- _DATA EXCERPT_
---------------

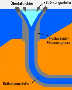 Eine andere Konstruktionsart an Staudämmen ist der Hochwasserentlastungsturm. Dieser steht im Stauraum der Talsperre und hat häufig einen Überlauf in Form eines Überfalltrichters. Aus diesem Grund wird er auch als Kelch, Tulpe oder Trompete bezeichnet. im Englischen auch morning glory spillway genannt. Überschreitet der Wasserpegel der Stauanlage das Stauziel, strömt das überschüssige Wasser in den Überlauf ein. Durch den Turmschacht und ein anschließendes Rohr- bzw. Stollensystem wird das Wasser unter dem Staudamm hindurch zum Ablauf abgeleitet. Auf dem Rand der Überlauftulpe sind vielfach Strömungspfeiler angeordnet, die den Überlaufstrom lenken und als Strahlaufreißer wirken. Wie auch die getreppte Ausführung der Innenseite dient dies dem gezielten Eintrag von Luft in das abfließende Wasser. Damit kann der Kavitationserosion entgegengewirkt werden. Dem gleichen Zweck dient auch eine separate Belüftungsleitung, die am Turmschaft mitgeführt wird.[3]
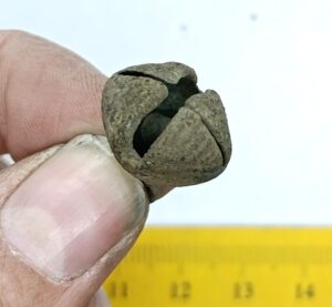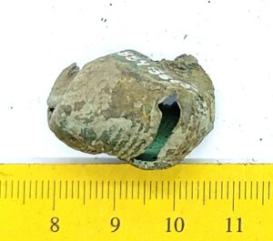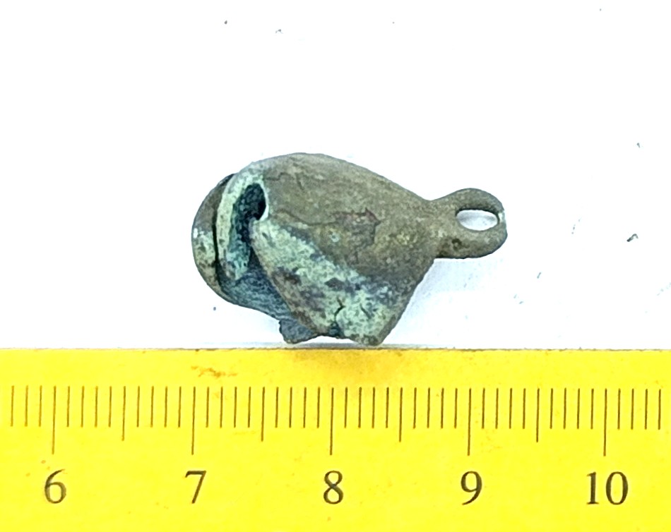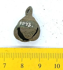 Bridle bells, copper alloy. These bells were attached to bridles. In Estonia they have been found from stone graves with cremation burials, where they can also date to the early 13th century.
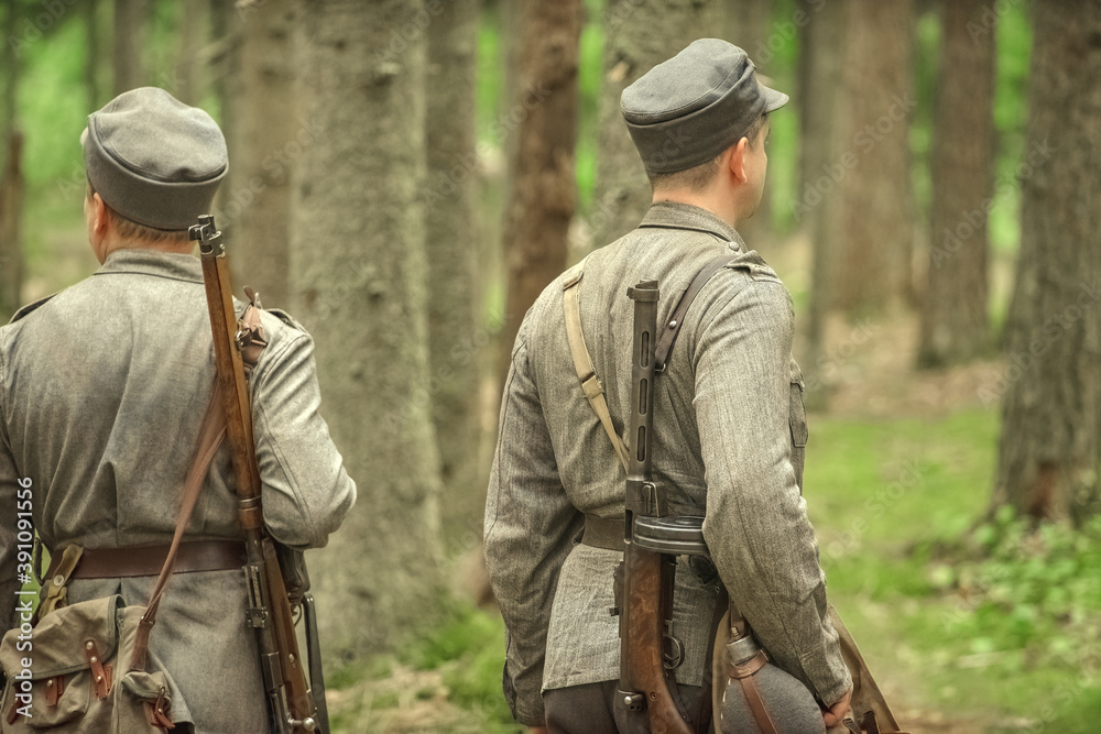 Finnish soldiers of the second world war in the forest with machine guns and rifles on their shoulders
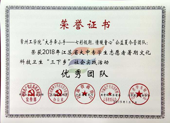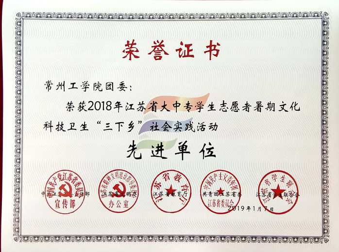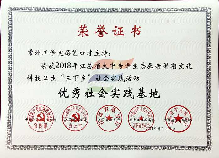 近日,在江苏省高校共青团工作会议上,对2018年江苏省“三下乡”社会实践活动集体和个人进行表彰。我校团委获评2018年江苏省“三下乡”社会实践活动先进单位。艺术与设计学院“追寻辉煌足迹重温红色记忆”小分队、校团委“大手牵小手——七彩假期情暖童心”公益夏令营团队获评优秀团队。经济与管理学院提交的调研报告《应用型本科“第二课堂成绩单”开展情况的调查与满意度评价分析》获优秀。校友孙胜珊创建的语艺口才主持中心获评优秀社会实践基地。土木建筑工程学院戴崇江、光电工程学院柏叶辰两位同学获评先进个人。马克思主义学院徐进、经济与管理学院徐霞两位教师获评先进工作者。

---------------

- _EXERCISE REQUIREMENTS_
The answer should consist only of the lines from the line with "Bridle bells, copper" through the last line of the data, repeated exactly; pictures stay out.

- _OUTPUT OF THE TASK_
 Bridle bells, copper alloy. These bells were attached to bridles. In Estonia they have been found from stone graves with cremation burials, where they can also date to the early 13th century.
 Finnish soldiers of the second world war in the forest with machine guns and rifles on their shoulders
 近日,在江苏省高校共青团工作会议上,对2018年江苏省“三下乡”社会实践活动集体和个人进行表彰。我校团委获评2018年江苏省“三下乡”社会实践活动先进单位。艺术与设计学院“追寻辉煌足迹重温红色记忆”小分队、校团委“大手牵小手——七彩假期情暖童心”公益夏令营团队获评优秀团队。经济与管理学院提交的调研报告《应用型本科“第二课堂成绩单”开展情况的调查与满意度评价分析》获优秀。校友孙胜珊创建的语艺口才主持中心获评优秀社会实践基地。土木建筑工程学院戴崇江、光电工程学院柏叶辰两位同学获评先进个人。马克思主义学院徐进、经济与管理学院徐霞两位教师获评先进工作者。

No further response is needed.